I've been watching the today show for the Alzheimer news. Today was our old friend Jim. He's amazing. After the tragedy he lived through, he has the most wonderful and uplifting attitude. He's still giving himself to Alzheimer's still in a helpful caring way. He's in a group helping others cope. It was great to see him. He's quite a guy! Thanks for all you do Jim. Carol
I watched the feed on the internet. I am so amazed at the grace that Jim displays when he answers Maria's questions. I know that it must be painful to answer the questions, but he is concise in his answers. My hat is off to you Jim.
Posted under Maria Shriver on Today/NBC Nightly News Thread
I saw Jim's interview this morning and was pleased that they appeared to let him tell the story as we know it. Nothing sugar coated and you could tell that everyone was disturbed by it. Maria did ask Jim's support group leader if his story is unusual (meaning the fact that his father took such extreme action) and she said yes, that she' has never known anyone to do that before.
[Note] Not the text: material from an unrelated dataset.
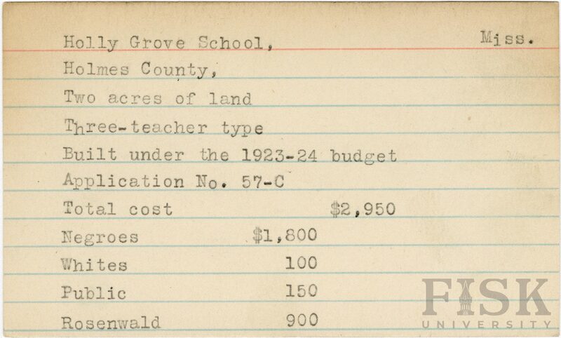- School card from Rosenwald Fund for Holly Grove School in Holmes County, Mississippi

Jim as always was articulate, told his story with honesty and grace. He mentioned the cost of care ($6000/mo) and said he didn't know how anyone could afford that. He represented our issues well...his wife was an RN (well educated), in her 50's when diagnosed (younger onset), that as a caregiver he had to bathe her, etc each day before work (caregiver stress) and the costs of the disease.
Thank you JIm for telling your very compelling story and trying to educate the public. We are lucky to have you as a forum member.
since we are able to express our personal viewpoints here without judgement, I was one of the ones who was disturbed by this interview. and I believe the general substance of the interview does help to shed the light to the overwhelming losses we as caregivers are subjected to, and the need for more funding to find a cure. but I found the lack of empathy for such a tragedy disturbing in my own personal opinion.
Excellent job, Jim! Very impressed at how much you got across in very little time. Thank you for publicly sharing your very personal story and helping to educate the masses.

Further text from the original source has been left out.